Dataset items
--- START ---

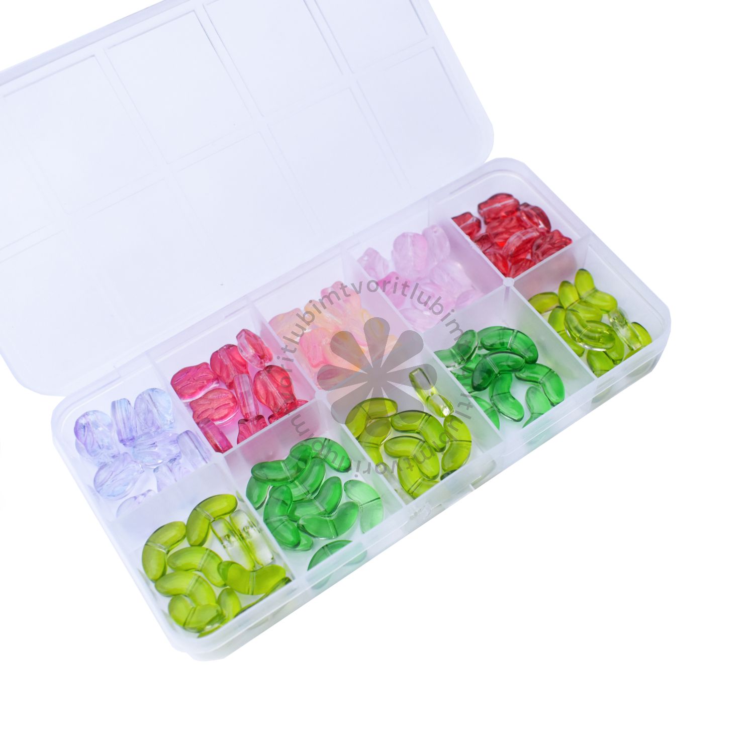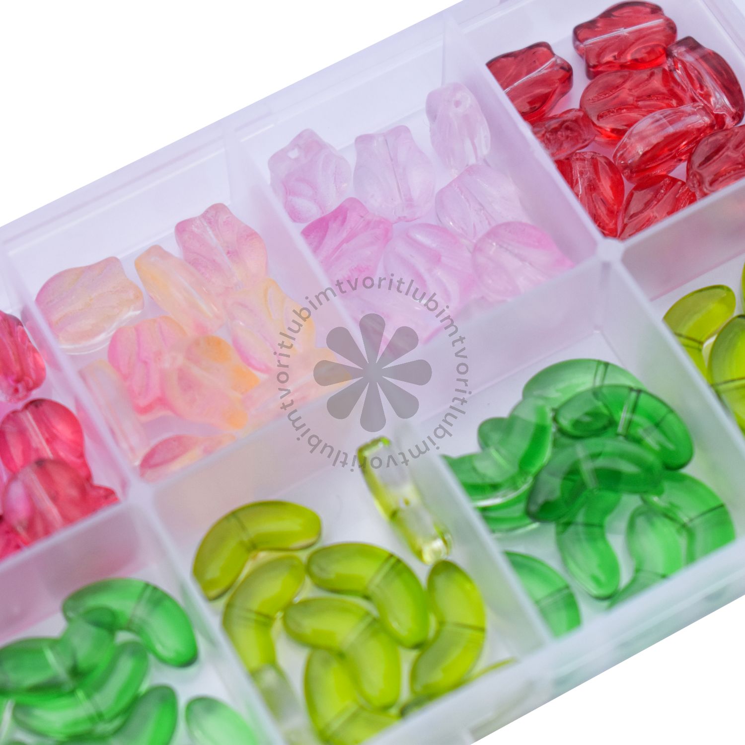 Plastová krabička s obľúbenými sklenenými korálkami v tvare tulipána. Krabička obsahuje 5 farieb kvetin s lístkami. Veľký mix koráliek CCB plastových koráliek v 4 farbách. CCB = Copper Coated Beads (pokované akrylové korálky). Perfektná voľba pre deti aj dospelých, vhodná aj ako kreatívny darček.
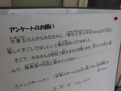 朝会で話に上がった寄付金は、子どもたちが楽しい学校生活を過ごすことができるように、という思いと共にいただきました。
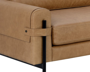 With its classic silhouette and low profile, the Camus Sofa will add comfort to any room. Generously upholstered in soft ludlow sesame leather that is as stylish as it is luxurious. Strap detailing on the front and back of the rounded armrests provide a playful accent to the piece. Completed with black iron legs. Handle with Care: This design has been crafted with top grain leather. Leather is a natural material; as such, colour variations, markings, wrinkles, grooves and light scratches are acceptable and appreciated characteristics. No two pieces are alike. Visit our Product Care page for more information on how to ensure the lasting beauty of this piece.
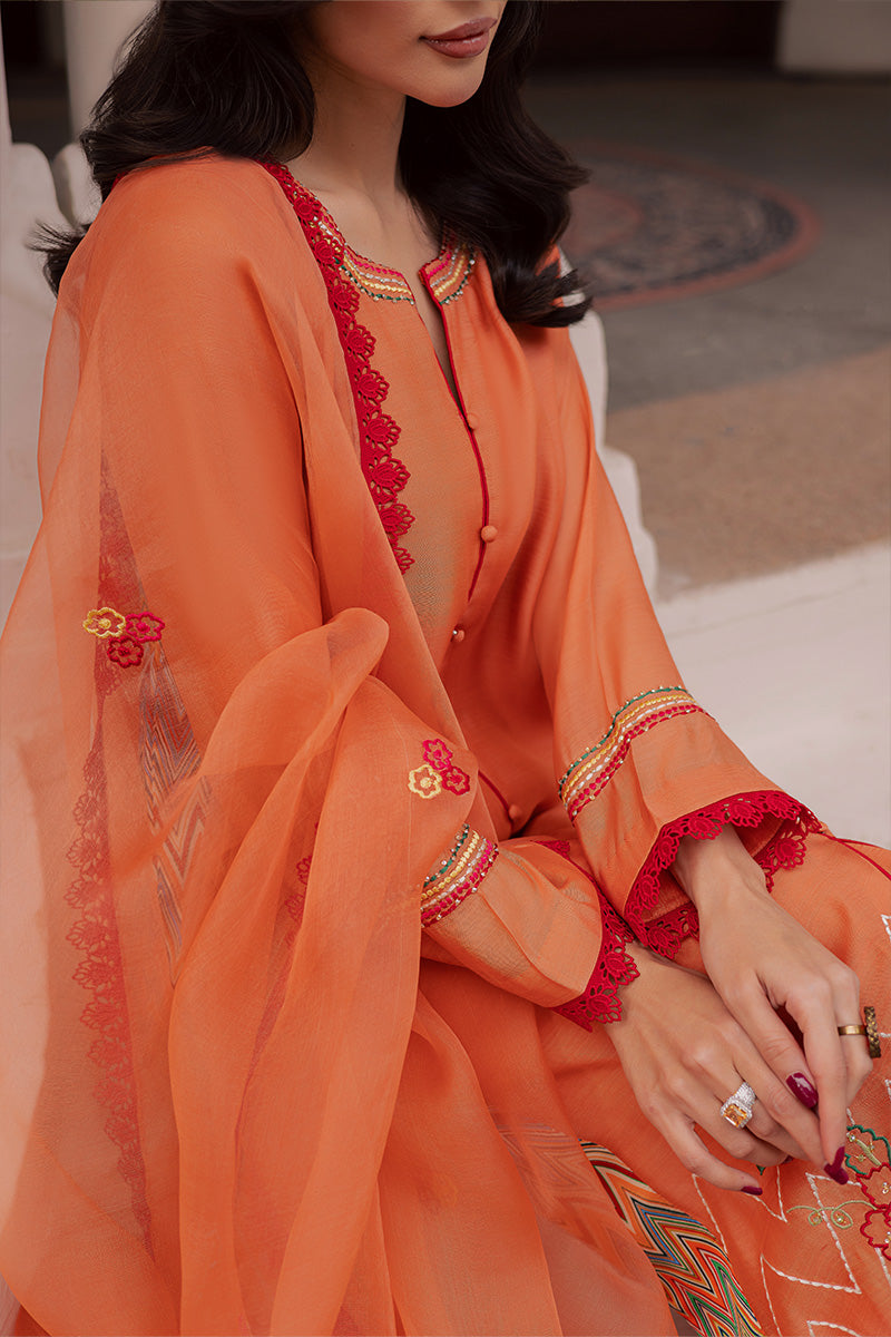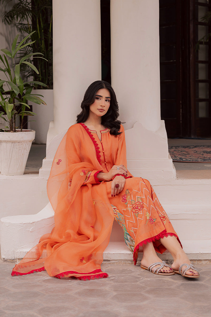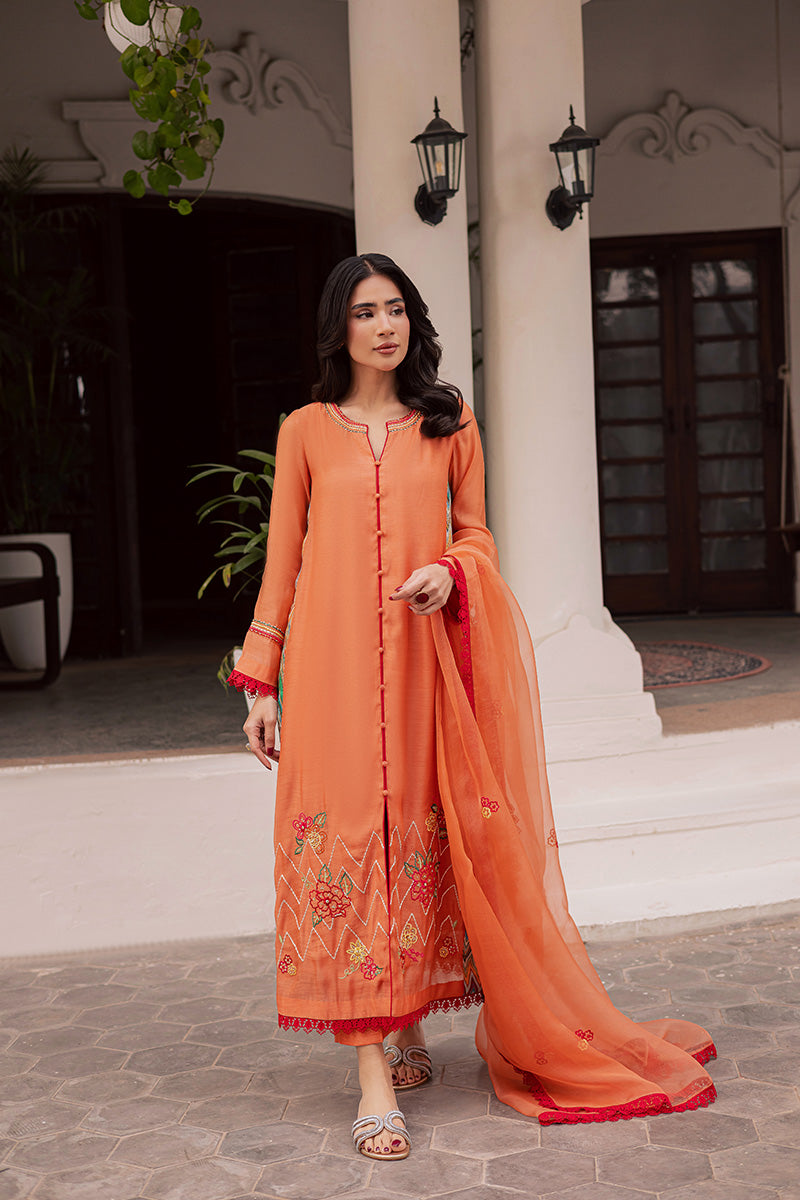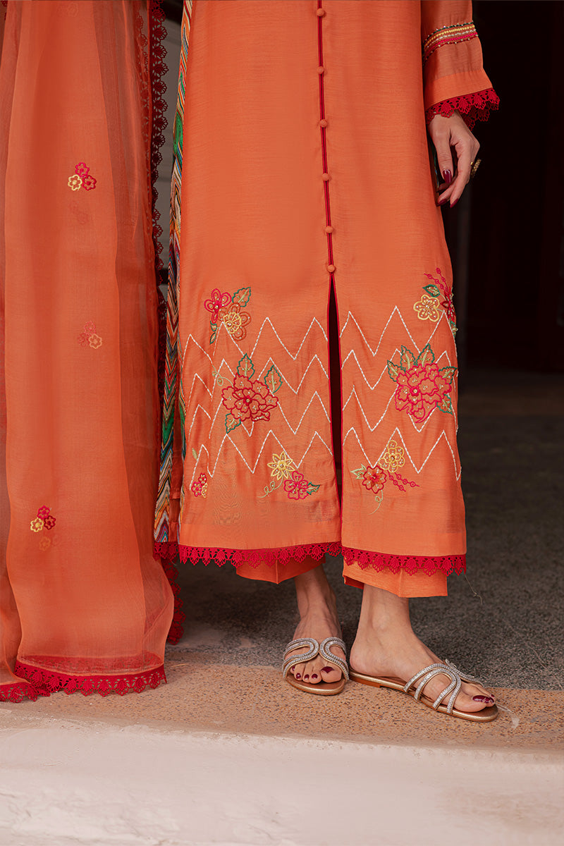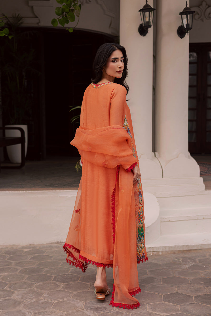 Designed for festive moments, Euphoria offers a sophisticated charm that’s both graceful and contemporary. The front-open long shirt is expertly tailored creating a refined silhouette. Featuring hand embellished delicate embroideries, printed panels and lace trims, this dress is the one where precision meets elegance. The accompanying organza dupatta is light as a feather and is adorned with embroidered florals and finished with lace trim.Model's Outfit
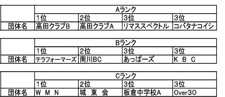 第3回上越オープン団体戦バドミントン大会 1.主 催 新潟県上越支部バドミントン協会 2.後 援 上越市教育委員会・一般財団法人上越市体育協会 3.主 管 上越市バドミントン協会 4.期 日 2016年12月18日(日) 5.会 場 リージョンプラザ上越 大会要項 http://www.j-bad.info/Taikai-youkou/2016-TC-OP.xls 大会結果
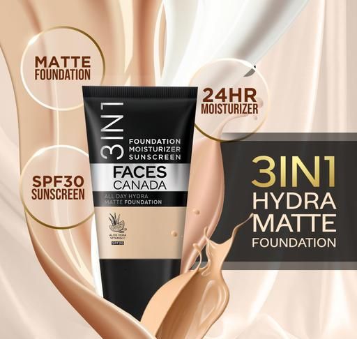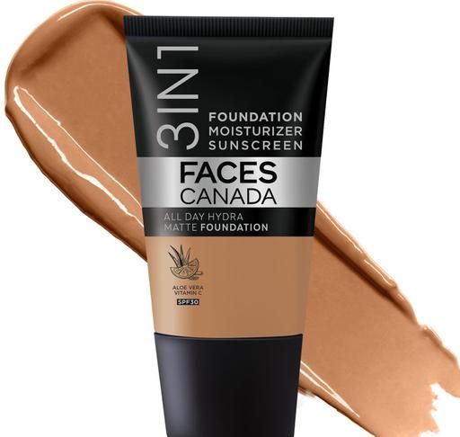 Product Name: FACES CANADA All Day Hydra Matte Foundation | 3-in-1 Foundation + Moisturizer + SPF 30 | 24 HR Aloe Hydration & Vitamin C | 10HR Long Wear | Medium to High Buildable Coverage | Warm Sand 042 | 15ml
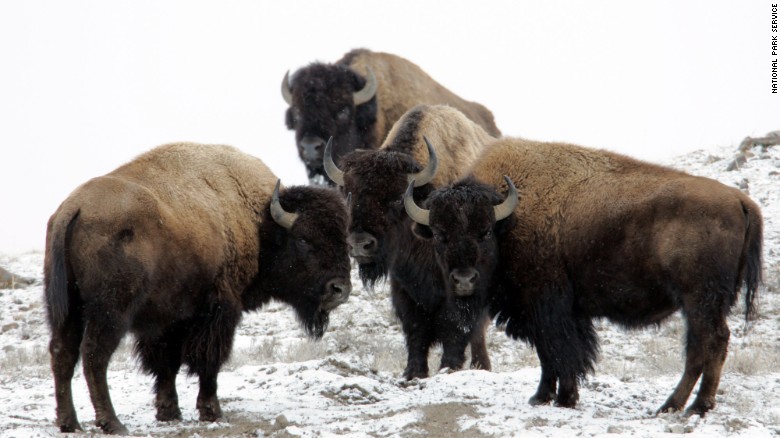 Almost 5,000 bison live in Yellowstone, located mostly in Wyoming and the only place in the United States where the animals have lived continuously since prehistoric times.
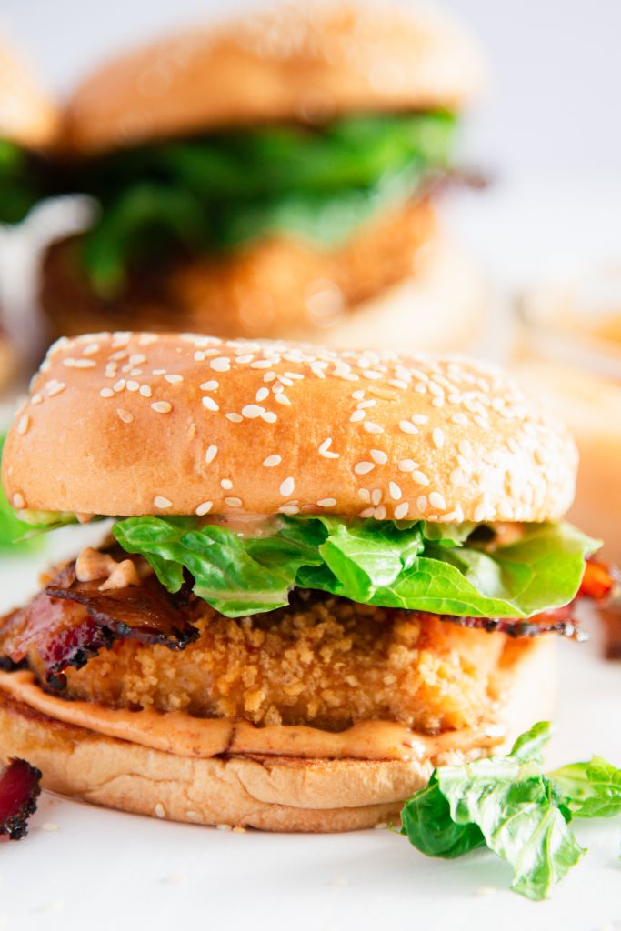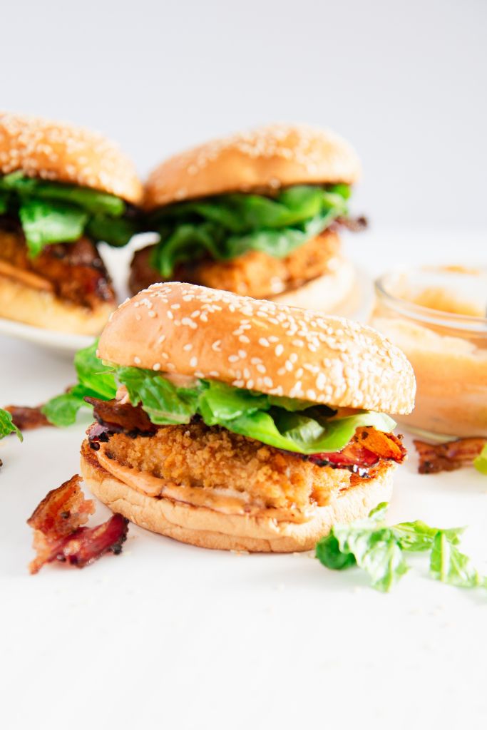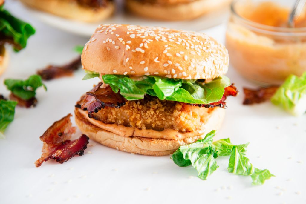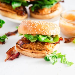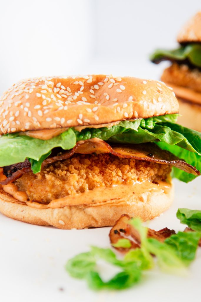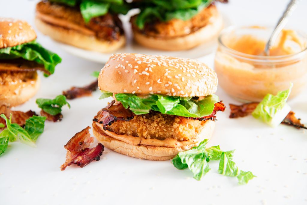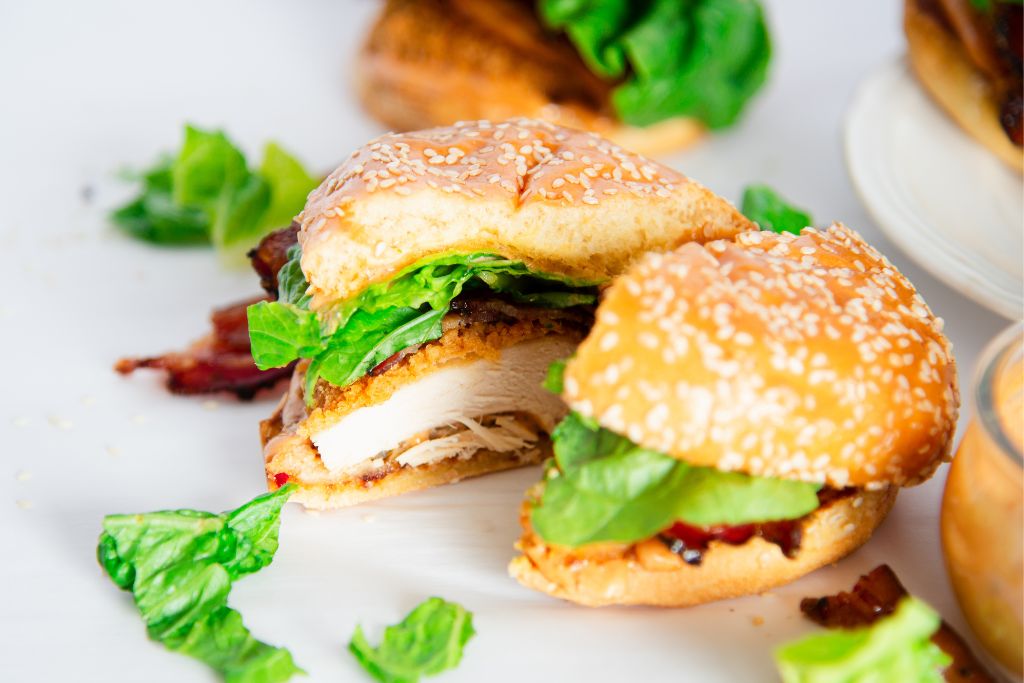This spicy Cajun chicken sandwich recipe is sure to be a hit with the whole family! Juicy fried chicken, topped with fresh lettuce, crispy bacon, and spicy Cajun aioli, this delicious recipe is perfect for busy weeknights, dinner parties, get-togethers, and more!

--- END ---

■ **INSTRUCTIONS TO FOLLOW**: Please output every entry exactly as written, apart from the pictures.

■ **EXERCISE RESPONSE**:
 Plastová krabička s obľúbenými sklenenými korálkami v tvare tulipána. Krabička obsahuje 5 farieb kvetin s lístkami. Veľký mix koráliek CCB plastových koráliek v 4 farbách. CCB = Copper Coated Beads (pokované akrylové korálky). Perfektná voľba pre deti aj dospelých, vhodná aj ako kreatívny darček.
 朝会で話に上がった寄付金は、子どもたちが楽しい学校生活を過ごすことができるように、という思いと共にいただきました。
 With its classic silhouette and low profile, the Camus Sofa will add comfort to any room. Generously upholstered in soft ludlow sesame leather that is as stylish as it is luxurious. Strap detailing on the front and back of the rounded armrests provide a playful accent to the piece. Completed with black iron legs. Handle with Care: This design has been crafted with top grain leather. Leather is a natural material; as such, colour variations, markings, wrinkles, grooves and light scratches are acceptable and appreciated characteristics. No two pieces are alike. Visit our Product Care page for more information on how to ensure the lasting beauty of this piece.
 Designed for festive moments, Euphoria offers a sophisticated charm that’s both graceful and contemporary. The front-open long shirt is expertly tailored creating a refined silhouette. Featuring hand embellished delicate embroideries, printed panels and lace trims, this dress is the one where precision meets elegance. The accompanying organza dupatta is light as a feather and is adorned with embroidered florals and finished with lace trim.Model's Outfit
 第3回上越オープン団体戦バドミントン大会 1.主 催 新潟県上越支部バドミントン協会 2.後 援 上越市教育委員会・一般財団法人上越市体育協会 3.主 管 上越市バドミントン協会 4.期 日 2016年12月18日(日) 5.会 場 リージョンプラザ上越 大会要項 http://www.j-bad.info/Taikai-youkou/2016-TC-OP.xls 大会結果
 Product Name: FACES CANADA All Day Hydra Matte Foundation | 3-in-1 Foundation + Moisturizer + SPF 30 | 24 HR Aloe Hydration & Vitamin C | 10HR Long Wear | Medium to High Buildable Coverage | Warm Sand 042 | 15ml
 Almost 5,000 bison live in Yellowstone, located mostly in Wyoming and the only place in the United States where the animals have lived continuously since prehistoric times.
This spicy Cajun chicken sandwich recipe is sure to be a hit with the whole family! Juicy fried chicken, topped with fresh lettuce, crispy bacon, and spicy Cajun aioli, this delicious recipe is perfect for busy weeknights, dinner parties, get-togethers, and more!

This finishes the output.